§ **Data to process**
--------------------

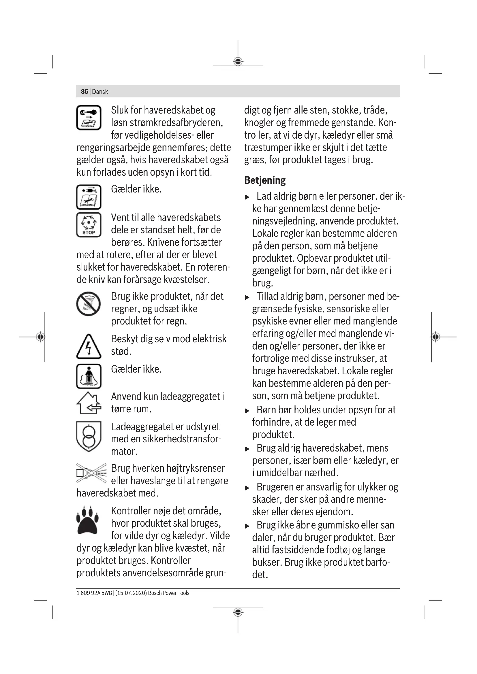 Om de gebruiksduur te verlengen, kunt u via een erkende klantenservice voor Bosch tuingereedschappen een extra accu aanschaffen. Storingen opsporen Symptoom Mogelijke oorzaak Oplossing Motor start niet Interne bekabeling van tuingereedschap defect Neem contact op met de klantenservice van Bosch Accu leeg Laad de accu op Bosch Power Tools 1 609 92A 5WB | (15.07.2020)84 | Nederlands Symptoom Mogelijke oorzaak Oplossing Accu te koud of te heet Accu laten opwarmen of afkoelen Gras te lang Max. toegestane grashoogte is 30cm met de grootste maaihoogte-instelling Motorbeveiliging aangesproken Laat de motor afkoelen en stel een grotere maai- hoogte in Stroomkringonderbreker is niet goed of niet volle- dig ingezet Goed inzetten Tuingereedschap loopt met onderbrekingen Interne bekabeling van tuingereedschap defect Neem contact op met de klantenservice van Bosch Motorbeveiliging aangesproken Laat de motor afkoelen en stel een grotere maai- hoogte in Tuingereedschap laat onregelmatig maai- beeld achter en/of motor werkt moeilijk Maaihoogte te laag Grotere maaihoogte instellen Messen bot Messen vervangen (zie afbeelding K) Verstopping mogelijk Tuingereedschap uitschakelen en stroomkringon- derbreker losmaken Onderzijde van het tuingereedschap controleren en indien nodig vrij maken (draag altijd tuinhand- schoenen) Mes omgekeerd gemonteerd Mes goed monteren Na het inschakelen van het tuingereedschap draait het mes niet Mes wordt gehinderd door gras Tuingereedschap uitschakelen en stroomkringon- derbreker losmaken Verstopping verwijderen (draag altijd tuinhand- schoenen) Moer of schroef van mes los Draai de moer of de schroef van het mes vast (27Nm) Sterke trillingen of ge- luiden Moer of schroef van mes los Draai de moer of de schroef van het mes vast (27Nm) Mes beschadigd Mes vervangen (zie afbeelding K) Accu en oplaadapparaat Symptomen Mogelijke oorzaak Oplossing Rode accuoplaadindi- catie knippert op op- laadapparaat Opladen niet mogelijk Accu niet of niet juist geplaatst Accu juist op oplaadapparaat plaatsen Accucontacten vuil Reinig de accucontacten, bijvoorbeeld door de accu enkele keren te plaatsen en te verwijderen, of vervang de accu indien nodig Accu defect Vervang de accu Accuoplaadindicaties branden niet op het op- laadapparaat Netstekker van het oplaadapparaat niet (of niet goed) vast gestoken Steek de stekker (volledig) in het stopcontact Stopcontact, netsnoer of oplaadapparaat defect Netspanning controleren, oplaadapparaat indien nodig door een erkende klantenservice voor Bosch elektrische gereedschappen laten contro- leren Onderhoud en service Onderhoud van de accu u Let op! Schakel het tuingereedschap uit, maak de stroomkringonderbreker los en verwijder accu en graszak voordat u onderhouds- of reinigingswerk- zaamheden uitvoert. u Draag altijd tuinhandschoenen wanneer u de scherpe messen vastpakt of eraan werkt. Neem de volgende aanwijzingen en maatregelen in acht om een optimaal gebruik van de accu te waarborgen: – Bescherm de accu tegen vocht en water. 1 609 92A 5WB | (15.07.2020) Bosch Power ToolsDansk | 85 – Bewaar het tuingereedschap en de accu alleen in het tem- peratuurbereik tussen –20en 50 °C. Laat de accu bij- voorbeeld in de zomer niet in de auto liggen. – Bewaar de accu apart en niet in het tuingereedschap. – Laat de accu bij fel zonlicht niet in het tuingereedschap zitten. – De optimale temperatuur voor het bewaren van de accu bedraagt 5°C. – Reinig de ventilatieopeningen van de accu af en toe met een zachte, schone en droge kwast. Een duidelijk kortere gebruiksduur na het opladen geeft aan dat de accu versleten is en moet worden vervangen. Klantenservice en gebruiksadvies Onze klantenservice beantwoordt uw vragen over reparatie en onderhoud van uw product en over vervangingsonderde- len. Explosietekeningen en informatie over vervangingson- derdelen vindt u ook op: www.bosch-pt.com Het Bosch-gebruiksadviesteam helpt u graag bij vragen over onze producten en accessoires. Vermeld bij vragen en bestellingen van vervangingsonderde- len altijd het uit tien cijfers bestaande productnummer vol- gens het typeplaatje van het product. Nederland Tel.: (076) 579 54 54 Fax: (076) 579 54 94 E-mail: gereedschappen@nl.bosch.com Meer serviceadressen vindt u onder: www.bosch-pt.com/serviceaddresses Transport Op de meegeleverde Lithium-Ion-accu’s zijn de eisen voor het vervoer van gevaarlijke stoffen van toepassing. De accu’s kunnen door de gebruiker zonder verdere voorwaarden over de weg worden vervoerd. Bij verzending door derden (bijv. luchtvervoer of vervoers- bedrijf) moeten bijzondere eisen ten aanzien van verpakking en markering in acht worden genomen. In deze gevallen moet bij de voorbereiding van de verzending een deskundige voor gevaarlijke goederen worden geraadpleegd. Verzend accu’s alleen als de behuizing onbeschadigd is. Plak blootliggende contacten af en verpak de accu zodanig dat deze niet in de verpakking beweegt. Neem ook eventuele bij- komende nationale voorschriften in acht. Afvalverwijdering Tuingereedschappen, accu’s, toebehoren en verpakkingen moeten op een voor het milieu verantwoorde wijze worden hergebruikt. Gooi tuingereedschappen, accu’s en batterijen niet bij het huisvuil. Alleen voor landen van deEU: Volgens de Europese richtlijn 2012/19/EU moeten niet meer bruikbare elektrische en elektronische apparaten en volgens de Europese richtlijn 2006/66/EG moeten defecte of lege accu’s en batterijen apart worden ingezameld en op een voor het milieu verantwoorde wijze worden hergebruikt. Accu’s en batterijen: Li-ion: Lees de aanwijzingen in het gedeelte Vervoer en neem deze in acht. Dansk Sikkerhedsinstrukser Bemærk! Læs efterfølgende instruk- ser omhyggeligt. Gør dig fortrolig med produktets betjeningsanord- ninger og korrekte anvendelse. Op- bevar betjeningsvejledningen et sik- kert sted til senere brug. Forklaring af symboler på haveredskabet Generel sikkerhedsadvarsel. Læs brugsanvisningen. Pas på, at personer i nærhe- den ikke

--------------------

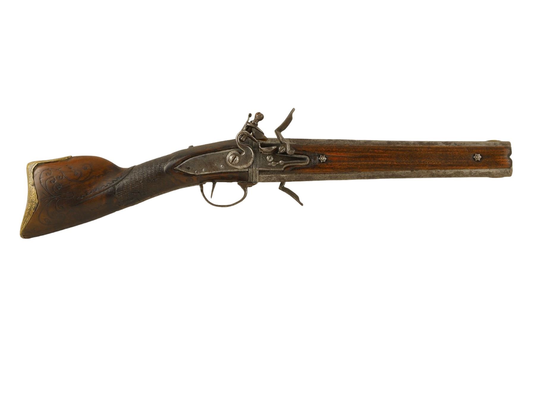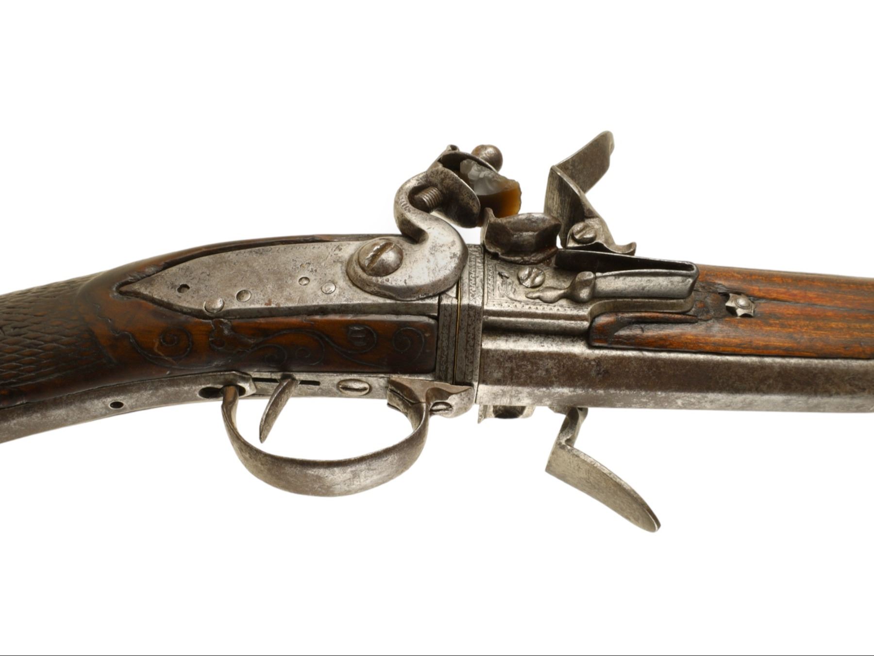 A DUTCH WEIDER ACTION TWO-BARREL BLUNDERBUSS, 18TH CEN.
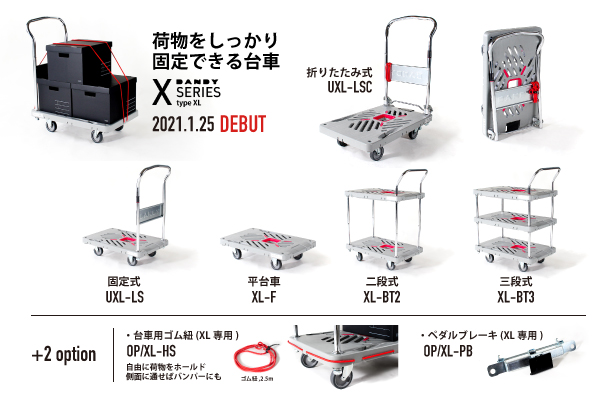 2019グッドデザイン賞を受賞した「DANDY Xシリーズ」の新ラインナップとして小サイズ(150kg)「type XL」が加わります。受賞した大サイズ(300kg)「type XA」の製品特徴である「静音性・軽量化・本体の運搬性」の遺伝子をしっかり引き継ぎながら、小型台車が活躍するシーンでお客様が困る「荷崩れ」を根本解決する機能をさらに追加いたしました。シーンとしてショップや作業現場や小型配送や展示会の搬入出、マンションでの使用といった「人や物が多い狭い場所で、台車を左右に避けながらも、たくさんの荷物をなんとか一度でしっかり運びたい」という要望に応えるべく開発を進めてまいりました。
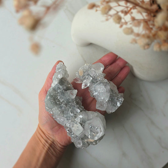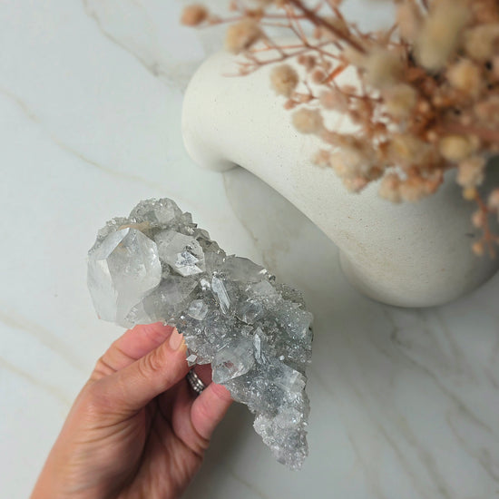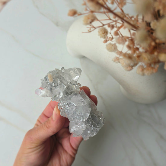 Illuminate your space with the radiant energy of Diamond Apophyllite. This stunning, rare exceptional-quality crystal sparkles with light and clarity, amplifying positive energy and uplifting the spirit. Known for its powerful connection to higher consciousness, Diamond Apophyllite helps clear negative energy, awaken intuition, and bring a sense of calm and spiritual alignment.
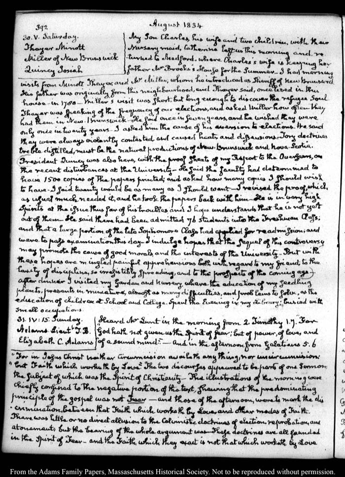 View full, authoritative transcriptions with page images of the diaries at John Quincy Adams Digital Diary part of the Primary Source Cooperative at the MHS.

--------------------

§ **Exercise directions**
Starting with the line that has "Illuminate your space" and ending with the line that has "View full, authoritative", repeat the lines above exactly, omitting every picture.

§ **Task output**
 Illuminate your space with the radiant energy of Diamond Apophyllite. This stunning, rare exceptional-quality crystal sparkles with light and clarity, amplifying positive energy and uplifting the spirit. Known for its powerful connection to higher consciousness, Diamond Apophyllite helps clear negative energy, awaken intuition, and bring a sense of calm and spiritual alignment.
 View full, authoritative transcriptions with page images of the diaries at John Quincy Adams Digital Diary part of the Primary Source Cooperative at the MHS.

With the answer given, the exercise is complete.